Chamomile & Vanilla Madeleines
Some call these "cookies" but madeleines are really mini sponge cakes. Light and airy; with a crisp exterior made golden by the seashell pan that highlight the ridges and depressions of its signature scalloped shape. Delicate but made indulgent at the same time; as only French pastries seem to be able to do. With the scent of vanilla and hints of chamomile, these cakes are not only a treat, but calming a the same time.
During this busy time of year, many become overwhelmed with the "to do" list. Wrapped up in all the hustle and bustle, I have heard references of "Merry Stress-mas" by more than a few. It is often difficult to remove the "must" do from the "I want to" do lists, but maybe baking a batch of these madeleines can help you relax while also enjoying one of the traditions of Christmas; baking!
Sustainability Spotlight: What is the one "key" ingredient that any pastry chef will tell you is key to their amazing confections? 9 out of 10 will say it is the butter! It helps baked goods rise and in pie crusts, it allows for that lovely flaky texture. At the end of the day though, butter is simply fat solids. The same type of benefit you get from your baking via dairy based butter is the same as incorporating plant-based butter.
However, plant-based butters are what are likened to highly processed foods versus the less processed ingredient of butter. As such, the manufacture of some of the margarines and vegan butters in the marketplace can be considered industrialized or chemical processes. This nomenclature and thought process has been a part of the historical narrative supporting butter (the dairy industry) and undermining the plant-based alternative butters.
That narrative has been changing lately. According to faunalytics.com, who reviewed the life-cycle assessment (LCA) for both dairy and plant-based alternative butters, "the study found that overall emissions for plant-based products were generally lower than dairy products....(and) plant-based products have lower land footprints." Overall, after studying 18 environmental impact areas for both dairy and butter, the conclusion was a resounding "plus" for plant-based products. "...(T)he science is increasingly clear: plants have a lower environmental impact than animals. This is true even for highly-processed plant-based foods, like butter and cream replacements."
So, vegans rejoice in your Christmas baking knowing your sustainability impacts have improved by NOT using dairy butter, but you haven't compromised flavor or texture. That fact will become even more apparent to you as you venture into vegan baking; especially, if you bake up these madeleines!
2/3 cup cake flour
1/3 cup almond flour
3 tbsp arrowroot powder
1/4 cup powdered sugar
1.5 tsp baking powder
1/2 tsp salt
1 tea bag (or 1 tsp) chamomile tea
3 tbsp vegan butter (I used Miyoko's European Cultured Vegan Butter)

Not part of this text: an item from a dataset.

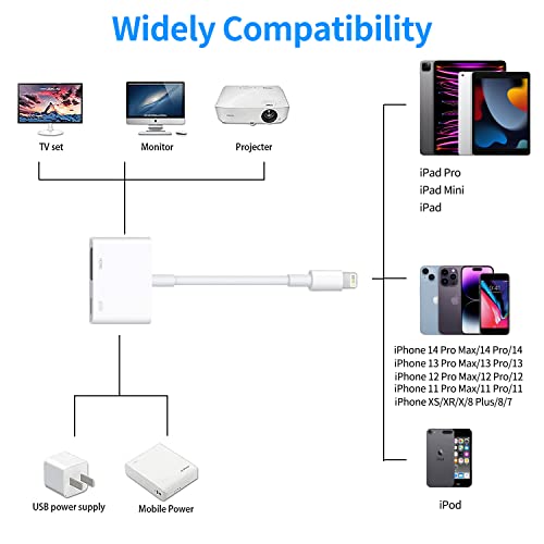 【Ampia compatibilità】Il nostro convertitore HDMI è stato certificato da Apple MFI, può essere compatibile con iPhone 14 Pro Max / 14 Pro / 14 Plus / 14 / iPhone 13 Pro Max / 13 Pro / 13 / iPhone 12 Pro Max / 12 Pro / 12 Pro / 12 Mini / iPhone 1 Pro Max / 11 Pro / 11 Pro / 1 Pro / 1 XS / XR / X / 8 /8 Plus / 7 / 7 Plus, iPad Pro/Air/mini, iPod, supporta tutti i sistemi iOS

1/2 cup (room temperature) oat milk
1/2 tbsp vanilla paste
1 tbsp fresh orange juice
Sift (don't skip this step - sifting is a MUST for the light and airy cookie cake here) all Dry Ingredients into a medium bowl.
Whisk all Wet Ingredients in a large measuring cup (or small bowl).
Add Wet Ingredients to Dry Ingredients and stir just until combined.
Place batter into the fridge for at least 1 hour; then proceed to Step 5 below.
Pre-heat oven to 350 degree F on convection setting (if you have it)
Spray a madeleine cookie pan with cooking spray and spoon chilled batter into each mold (dough makes 12 cookies).
Slide pan into oven and cook for 8-10 minutes or until the edges look golden brown. Note, the side of the cookies "facing" you in the tin will still look very pale. That's okay! Touch the cookies lightly with your finger, and if they spring back / feel spongey to the touch, they are done).
Let cool in the pans completely; they should slide out easily, but if not, run a knife around the edges and tap the pan lightly.
Serve cooled; store up to 4 days in an air tight container.